The characteristic pattern is inputted in preset thermal map prediction network so that thermal map prediction network exports the characteristic pattern and corresponds to Face unit prediction thermal map；Wherein, the thermal map prediction network is the convolutional neural networks that training obtains in advance；

The prediction thermal map and the characteristic pattern are attached to and are inputted the subdivision network, so that the subdivision network is to connection The prediction thermal map and the characteristic pattern afterwards carries out detail recovery processing, obtains corresponding super resolution image block.

6. the method for detecting human face of enhancing according to claim 5, which is characterized in that described by the super resolution image block Validity result be input to the generation network so that the generation network is according to the true of the current super resolution image block It spends result and micronization processes is carried out to the super resolution image block, obtain new super resolution image block, comprising:

The validity result of the super resolution image block and the corresponding super resolution image block are inputted into the oversubscription network, made The oversubscription network carries out resolution ratio raising processing to the super resolution image block, and by the output result of the oversubscription network and institute The validity result for stating super resolution image block inputs the subdivision network, so that output of the subdivision network to the oversubscription network As a result detail recovery processing is carried out, new super resolution image block is obtained.

7. the method for detecting human face of enhancing according to any one of claims 1 to 6, which is characterized in that the differentiation network In include convolutional layer and two full articulamentums, and two full articulamentums respectively correspond two output ends of the differentiation network；

Wherein, output end be used to export the super resolution image block whether be high partial image judging result；It is another A output end be used for export the super resolution image block whether be facial image judging result.

8. a kind of human face detection device of enhancing characterized by comprising

Preliminary detection module, for carrying out preliminary Face datection to target image, obtain the target image it is corresponding one or Multiple identification regions；

Fine detection module, for judging in the identification region whether to include facial image using preset differentiation network, If so, the identification region for including described image face is marked in the target image, wherein the differentiation net Network is a kind of to convert the treatment process of super resolution image using preset low resolution image and preset be directed to the super-resolution The validity deterministic process of image interacts the convolutional neural networks that training obtains.

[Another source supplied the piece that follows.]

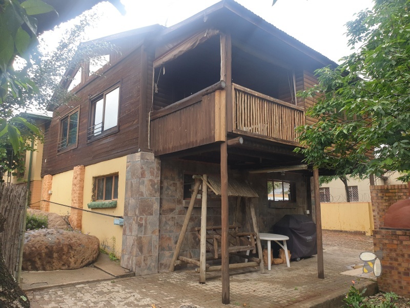 The kitchen features modern melamine cupboards, solid granite tops, and an electric oven/5 gas hob combo. A huge plus point is the indoor entertainment area, complete with a built-in braai and a built-in bar made from beautiful Rhodesian teak (sleeper wood). There is also a separate outdoor braai area.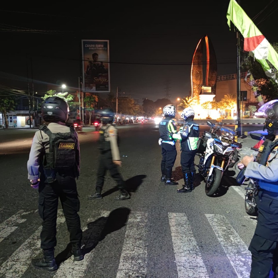Antisipasi Tindak Kriminal dan Cegah Balap Liar Puluhan Personel Polres Gresik Patroli Skala Besar

9. a kind of electronic equipment including memory, processor and stores the calculating that can be run on a memory and on a processor Machine program, which is characterized in that the processor realizes the described in any item enhancings of claim 1 to 7 when executing described program The step of method for detecting human face.

10. a kind of computer readable storage medium, is stored thereon with computer instruction, which is characterized in that described instruction is performed The step of method for detecting human face of the described in any item enhancings of Shi Shixian claim 1 to 7.